Hadoop, mail # general - Transfer blocks from one datanode to another

Adrian 2012-09-06, 09:42
Re: Transfer blocks from one datanode to another
Harsh J 2012-09-06, 13:05

Please do not use the general@ lists for development/usage questions.
This list is meant for project-level discussions alone. Thanks! :)

I've moved this mail to [EMAIL PROTECTED]. When replying,
please instead use this list, going forward.

My reply inline:

On Thu, Sep 6, 2012 at 3:12 PM, Adrian (Xinyu) Liu <[EMAIL PROTECTED]> wrote:
> Hi All,
> Nowadays, I am working with HDFS and implementing some functionalities base on HDFS API.
> As I knew, one specific file is divided into several blocks and distributed into different datanode with certain replication numbers.
> And I want to find out a series of HDFS API which can meet the following requirement:
> 1.       Given a specific filename and related information that already uploaded into the HDFS, retrieve: how many blocks are there,
> each datanode contain which blocks, etc.

This isn't possible to get if you're using simple Public APIs.

The FileSystem#getFileBlockLocations will tell you what hosts are
carrying the blocks of a file (a list of hosts for each block in the
file). See http://hadoop.apache.org/common/docs/current/api/org/apache/hadoop/fs/FileSystem.html#getFileBlockLocations(org.apache.hadoop.fs.Path,%20long,%20long)

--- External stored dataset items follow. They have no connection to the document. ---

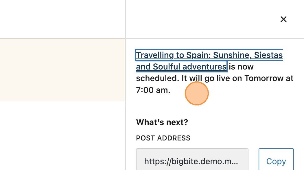 Please note: It’s important to remember that this feature creates a duplicate of the original post. Once the scheduled changes are published, these merge back into the original post.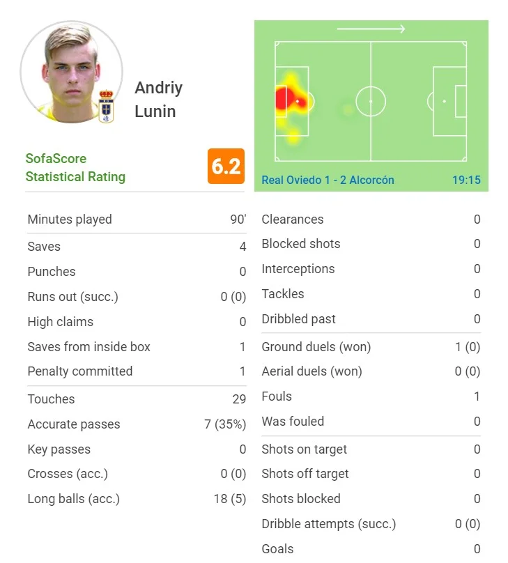 Андрей Лунин шестой раз подряд вышел в стартовом составе Овьедо. Украинец прекрасно стартовал на новом месте: стал лучшим игроком команды в январе и собрал немало комплиментов от фанов и журналистов. Сегодня против него мог выйти Сергей Мякушко, однако экс-игрок Карпат всю встречу просидел в запасе Алькоркона.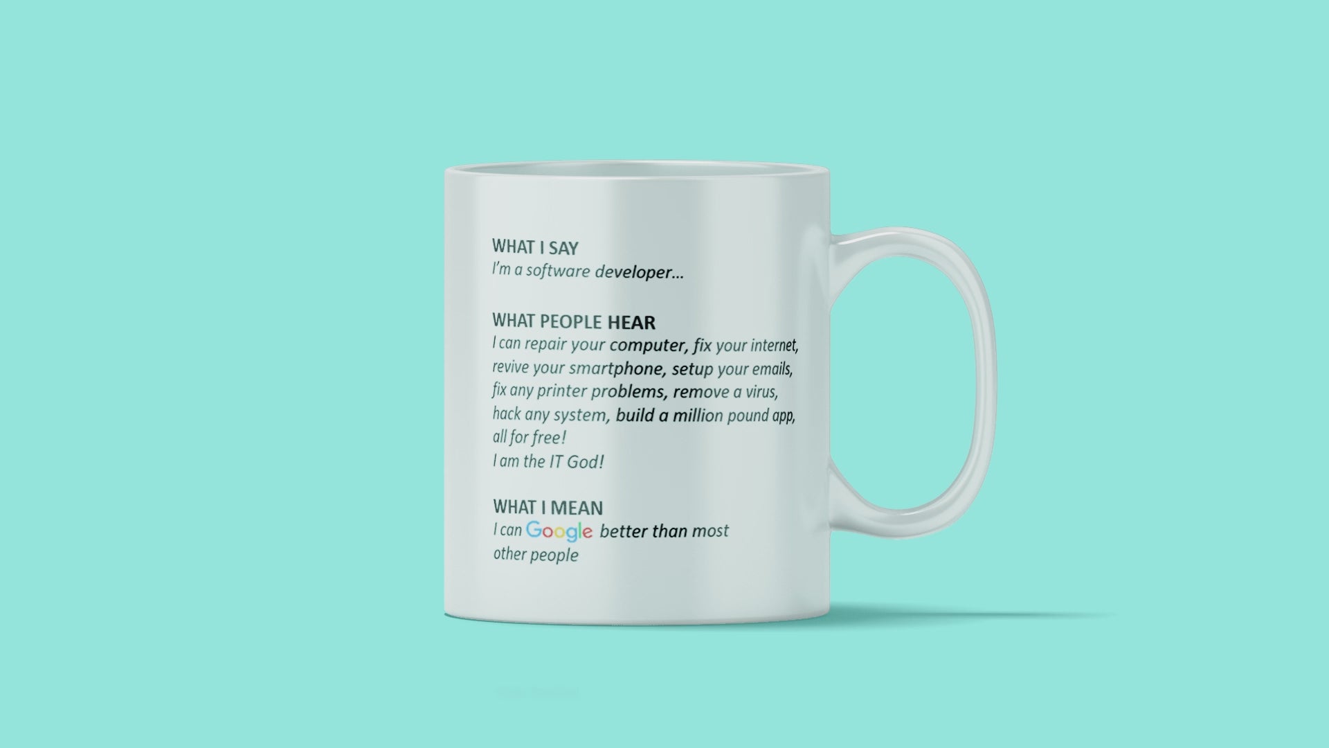 This mug is the perfect gift for any software developer. It highlights the hilarious daily struggle every software developer faces when trying to explain what their job is!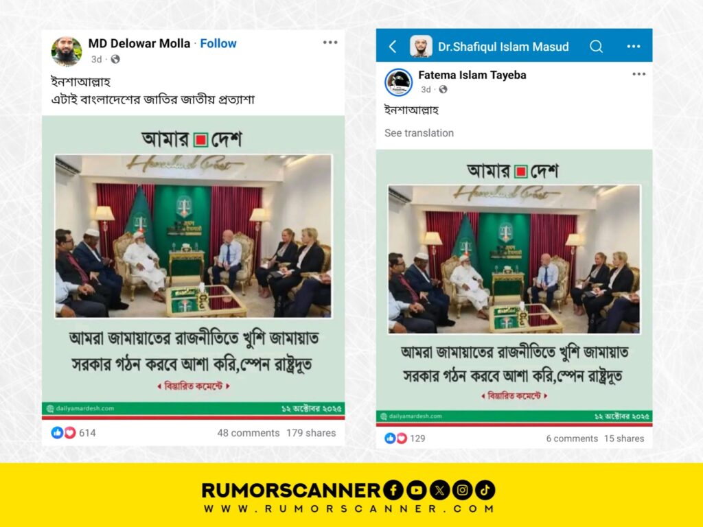 অর্থাৎ, দাবি প্রচার করা হয়েছে, স্পেনের রাষ্ট্রদূত বলেছেন, ‘আমরা জামায়াতের রাজনীতিতে খুশি জামায়াত সরকার গঠন করবে আশা করি’।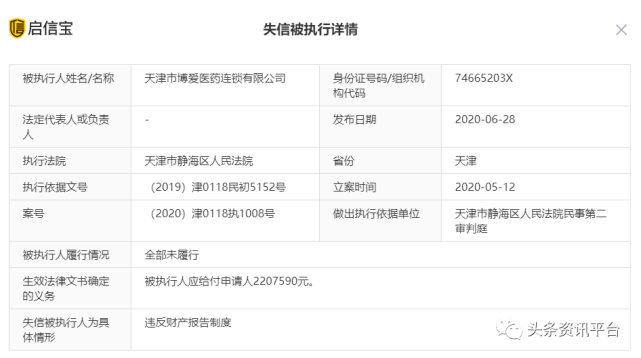 不久前,该公司还被法院冻结了50万元的资金。据《保定蕴鑫建筑工程有限公司、天津市博爱医药连锁有限公司合同纠纷执行实施类执行裁定书》显示,在申请人保定蕴鑫建筑工程有限公司与被申请人天津市博爱医药连锁有限公司合同纠纷一案中,保定市莲池区人民法院冻结被申请人天津市博爱医药连锁有限公司银行存款人民币500000元或查封、扣押其等值的财产。

For the list of block IDs, you'd have to pull from a DFSClient
instance, which calls the (NameNode-side) ClientProtocol's
getBlockLocations(…) method call. See the interface at

> 2.       Given a specific filename, source datanode, specific block id, destination datanode and related information to transfer the block
> from source node to destination node.

This needs to be done via the DataTransferProtocol, and its specific
method of replaceBlock(…). See the interface at

> I've read several materials and API reference about HDFS and can't find appropriate ones, the objective of this mail is to make sure
> if such  API existed, and if so, what are they (especially the second one, transfer a specific block of a specific file from a certain datanode to another)
> There is a tool called Balancer already existed in HDFS package, I am reading the source code, but it's too intricate to track the line, can anyone help me?

In the Balancer sources, see the final replaceBlock(…) call made at
L376 at http://svn.apache.org/viewvc/hadoop/common/branches/branch-2/hadoop-hdfs-project/hadoop-hdfs/src/main/java/org/apache/hadoop/hdfs/server/balancer/Balancer.java?view=markup,
and then trace backwards from that point to see how its built up till
that point.

Feel free to send across any more questions you have!

Harsh J